How to Test a Claude Skill: Evals, Triggering, and Description Optimization
Most Claude skills ship without a single real test. Here's the eval loop I use: 20 queries, a train/test split, and a trigger-rate target to prove a skill fires when it should and stays quiet when it shouldn't.
A skill that never fires is not a skill. It’s a file.
Writing a Claude skill is the easy part. Knowing whether it actually works (whether it fires when you need it and stays quiet when it shouldn’t) requires evals.
If you haven’t shipped a skill yet, start with the full guide to building Claude Code skills. To get the SKILL.md structure right before testing, read the SKILL.md structure and frontmatter guide. For real-world examples of tested skills, see the Claude skill examples.
Skills tend to undertrigger, and you won’t notice
The most common failure is undertrigger: the skill exists, the description looks fine, and Claude never loads it. You write a query. Nothing happens. You assume it worked. It didn’t.
Claude only reaches for a skill when it decides the task can’t be handled trivially from its own weights.

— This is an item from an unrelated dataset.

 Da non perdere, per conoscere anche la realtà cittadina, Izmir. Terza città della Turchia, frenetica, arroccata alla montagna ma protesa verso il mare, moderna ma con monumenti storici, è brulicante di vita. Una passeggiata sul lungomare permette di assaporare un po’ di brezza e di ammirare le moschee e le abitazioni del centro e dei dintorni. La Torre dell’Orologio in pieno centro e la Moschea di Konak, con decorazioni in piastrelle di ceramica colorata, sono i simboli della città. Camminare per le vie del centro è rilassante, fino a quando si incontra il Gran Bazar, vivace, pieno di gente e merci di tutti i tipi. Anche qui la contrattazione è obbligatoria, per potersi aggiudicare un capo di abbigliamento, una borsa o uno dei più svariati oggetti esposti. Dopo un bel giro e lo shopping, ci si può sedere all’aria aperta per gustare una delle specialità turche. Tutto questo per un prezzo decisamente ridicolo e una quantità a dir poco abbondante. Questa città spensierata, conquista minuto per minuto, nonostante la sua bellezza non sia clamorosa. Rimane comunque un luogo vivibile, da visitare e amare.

A vague or passive description (“this skill helps with X”) reads as optional. Claude skips it. The description is the only signal Claude checks before deciding whether to load a skill. If it doesn’t compel action, nothing loads, and you never find out: the model answers confidently from training data and keeps going.

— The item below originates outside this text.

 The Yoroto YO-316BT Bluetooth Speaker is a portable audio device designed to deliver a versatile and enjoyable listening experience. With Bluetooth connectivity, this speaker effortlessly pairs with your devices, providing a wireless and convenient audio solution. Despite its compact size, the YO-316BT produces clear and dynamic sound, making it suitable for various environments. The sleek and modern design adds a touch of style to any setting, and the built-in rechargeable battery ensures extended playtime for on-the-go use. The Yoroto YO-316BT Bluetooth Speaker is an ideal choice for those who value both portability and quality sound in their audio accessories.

Build the eval set before you touch the description
Build roughly 20 eval queries before adjusting anything. Half should be cases where the skill should trigger: real queries from your intended use cases. The other half should be queries where it should not trigger: adjacent topics, overlapping intent, things a reasonable user might ask that the skill was never designed to handle.
Split them 60/40: twelve for training (the set you iterate against) and eight held out for testing. That split matters. If you optimize purely against your training queries, you will overfit. The description gets suspiciously good at those exact twelve examples and fails on anything slightly different. The test set is the only honest measure.
Run each query three times before recording a score. Claude’s trigger decision is probabilistic. A single run can give you a false positive or a false negative. Three runs per query gives you a reliable rate: 0/3, 1/3, 2/3, 3/3. The target is above 80% trigger rate on should-trigger queries and below 20% on should-not queries. Anything outside that band is worth closing.
The eval loop
Five rounds is the budget. More than that and you’re usually chasing noise in your training set rather than improving the skill. Each round: propose one description change, re-run the training queries three times each, record the trigger rate. After five rounds, pick the description with the best score on the test set, not the training set. That’s the one you ship.
Description eval loop
Input
~20 queries: mix of should-trigger and should-not-trigger, split 60/40 train/test
- 01Run the baseline
Fire every training query 3× against the current description. Record the trigger rate for should-trigger and should-not-trigger groups separately.
- 02Diagnose the gap
Undertrigger? Add explicit trigger phrases and make the description slightly pushy. Over-trigger? Tighten scope and add when-not-to-use context.
- 03Propose one change
One edit per round. Changing multiple things at once makes it impossible to know what moved the needle.
- 04Re-run the training set
Re-run all training queries 3× each. Record the new trigger rate. Track every version. You may want to go back.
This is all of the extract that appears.